[EXTRACTED RECORDS]
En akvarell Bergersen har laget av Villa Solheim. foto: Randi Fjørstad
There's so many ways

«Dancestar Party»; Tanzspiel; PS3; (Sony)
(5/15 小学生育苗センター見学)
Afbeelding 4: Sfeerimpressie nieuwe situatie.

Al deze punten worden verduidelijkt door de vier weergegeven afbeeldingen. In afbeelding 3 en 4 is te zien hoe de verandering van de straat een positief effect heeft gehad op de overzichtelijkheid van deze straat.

...

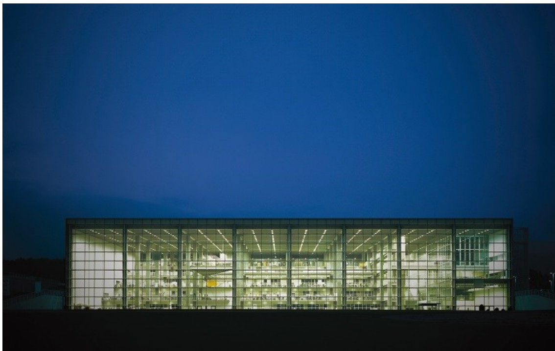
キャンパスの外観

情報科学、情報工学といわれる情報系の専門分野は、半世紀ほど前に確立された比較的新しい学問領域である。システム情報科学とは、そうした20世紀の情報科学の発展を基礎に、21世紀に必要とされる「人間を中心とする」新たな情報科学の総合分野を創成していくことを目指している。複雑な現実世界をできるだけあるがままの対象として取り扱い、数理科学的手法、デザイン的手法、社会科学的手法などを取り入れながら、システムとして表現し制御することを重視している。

...

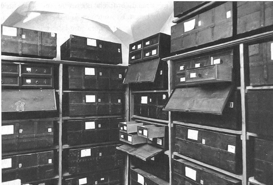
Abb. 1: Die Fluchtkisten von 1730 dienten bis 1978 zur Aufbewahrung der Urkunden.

[REQUIREMENT]
Could you repeat exactly the lines in the listing above from the one with "(5/15 小学生育苗センター見学)" down to the one with "Al deze punten"? Include both of those lines.

[COMPLETED EXERCISE]
(5/15 小学生育苗センター見学)
Afbeelding 4: Sfeerimpressie nieuwe situatie.

Al deze punten worden verduidelijkt door de vier weergegeven afbeeldingen. In afbeelding 3 en 4 is te zien hoe de verandering van de straat een positief effect heeft gehad op de overzichtelijkheid van deze straat.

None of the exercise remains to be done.